__What to produce__
Without changing a word, copy every line of the listing below and leave out the images.

__Dataset excerpt__
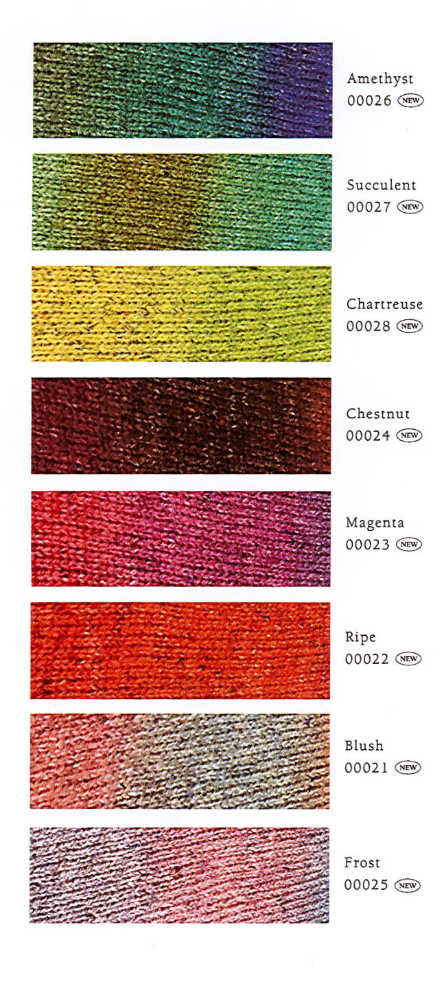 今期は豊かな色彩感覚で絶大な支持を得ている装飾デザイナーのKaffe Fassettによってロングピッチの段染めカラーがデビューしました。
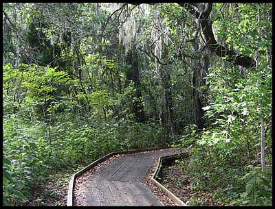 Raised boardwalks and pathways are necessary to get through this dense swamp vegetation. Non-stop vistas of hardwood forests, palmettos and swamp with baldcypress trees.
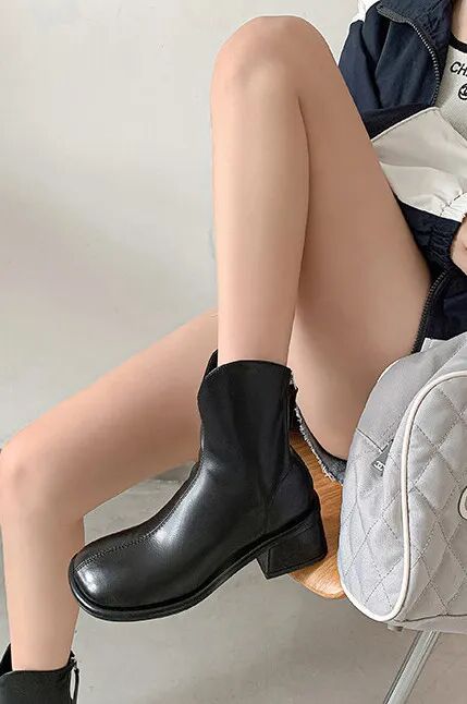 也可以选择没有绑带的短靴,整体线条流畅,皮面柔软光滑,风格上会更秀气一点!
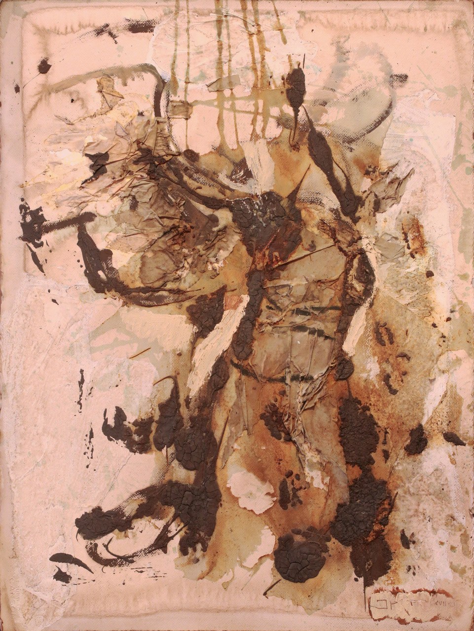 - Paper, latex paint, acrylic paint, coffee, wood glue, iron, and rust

__Finished exercise__
 今期は豊かな色彩感覚で絶大な支持を得ている装飾デザイナーのKaffe Fassettによってロングピッチの段染めカラーがデビューしました。
 Raised boardwalks and pathways are necessary to get through this dense swamp vegetation. Non-stop vistas of hardwood forests, palmettos and swamp with baldcypress trees.
 也可以选择没有绑带的短靴,整体线条流畅,皮面柔软光滑,风格上会更秀气一点!
 - Paper, latex paint, acrylic paint, coffee, wood glue, iron, and rust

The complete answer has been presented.